* INFORMATION SUPPLIED *
# # # #
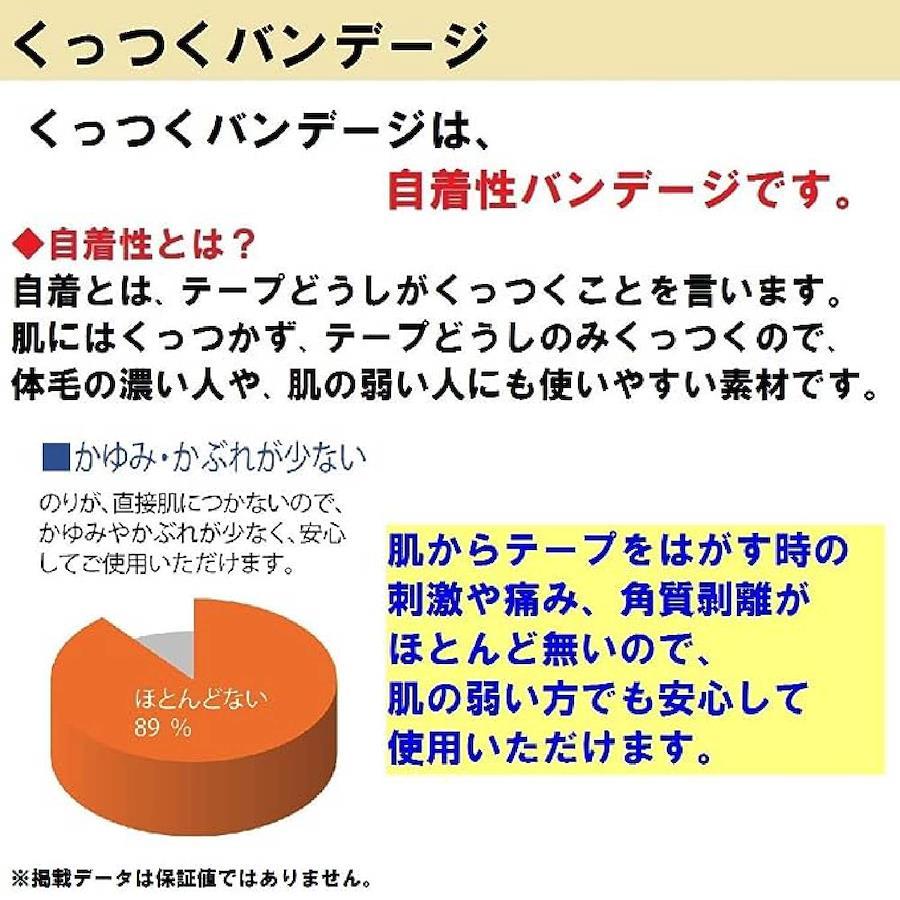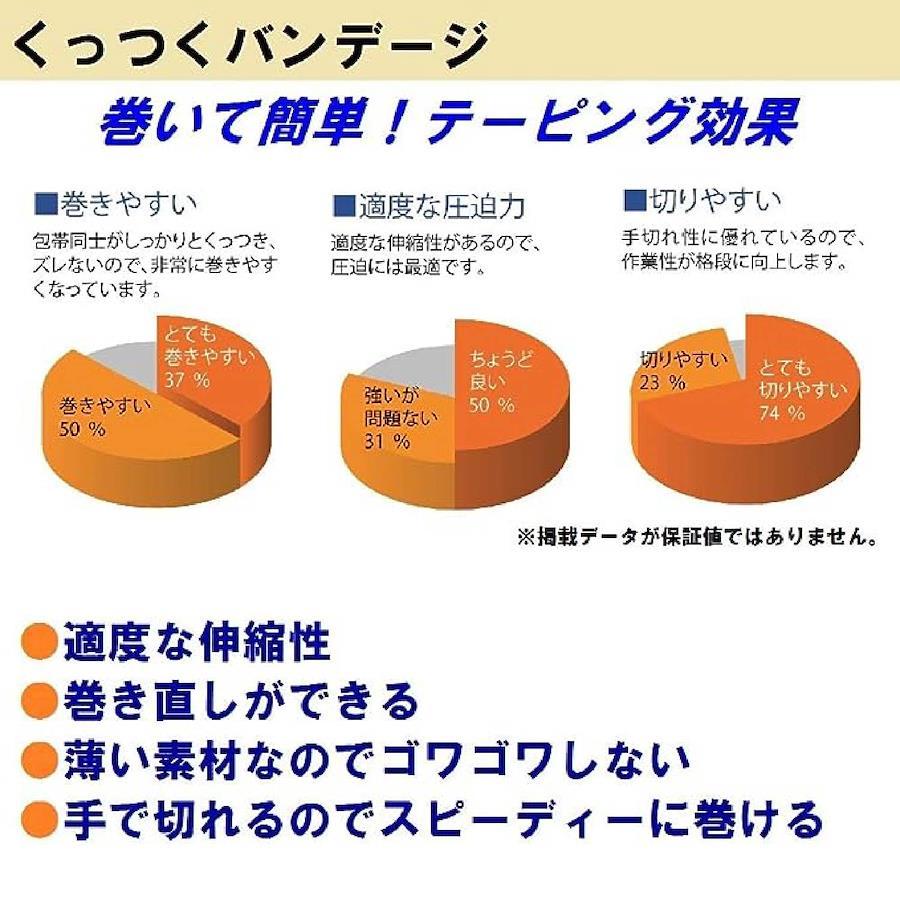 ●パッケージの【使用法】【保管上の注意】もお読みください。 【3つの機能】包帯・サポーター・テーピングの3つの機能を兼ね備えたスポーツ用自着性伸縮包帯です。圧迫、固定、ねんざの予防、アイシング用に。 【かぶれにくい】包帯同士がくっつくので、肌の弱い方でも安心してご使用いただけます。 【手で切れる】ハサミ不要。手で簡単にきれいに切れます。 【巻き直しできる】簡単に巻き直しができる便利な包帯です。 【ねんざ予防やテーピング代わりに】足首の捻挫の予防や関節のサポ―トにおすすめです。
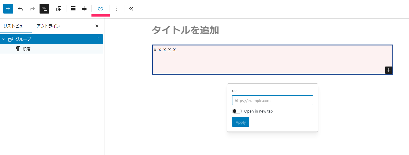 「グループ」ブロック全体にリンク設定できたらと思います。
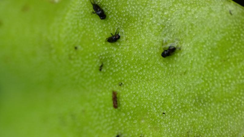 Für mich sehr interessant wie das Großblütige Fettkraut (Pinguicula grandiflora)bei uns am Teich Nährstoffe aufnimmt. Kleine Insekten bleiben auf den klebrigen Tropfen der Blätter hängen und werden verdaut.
# # # #
Please output the material above unchanged, apart from removing the pictures.

 ●パッケージの【使用法】【保管上の注意】もお読みください。 【3つの機能】包帯・サポーター・テーピングの3つの機能を兼ね備えたスポーツ用自着性伸縮包帯です。圧迫、固定、ねんざの予防、アイシング用に。 【かぶれにくい】包帯同士がくっつくので、肌の弱い方でも安心してご使用いただけます。 【手で切れる】ハサミ不要。手で簡単にきれいに切れます。 【巻き直しできる】簡単に巻き直しができる便利な包帯です。 【ねんざ予防やテーピング代わりに】足首の捻挫の予防や関節のサポ―トにおすすめです。
 「グループ」ブロック全体にリンク設定できたらと思います。
 Für mich sehr interessant wie das Großblütige Fettkraut (Pinguicula grandiflora)bei uns am Teich Nährstoffe aufnimmt. Kleine Insekten bleiben auf den klebrigen Tropfen der Blätter hängen und werden verdaut.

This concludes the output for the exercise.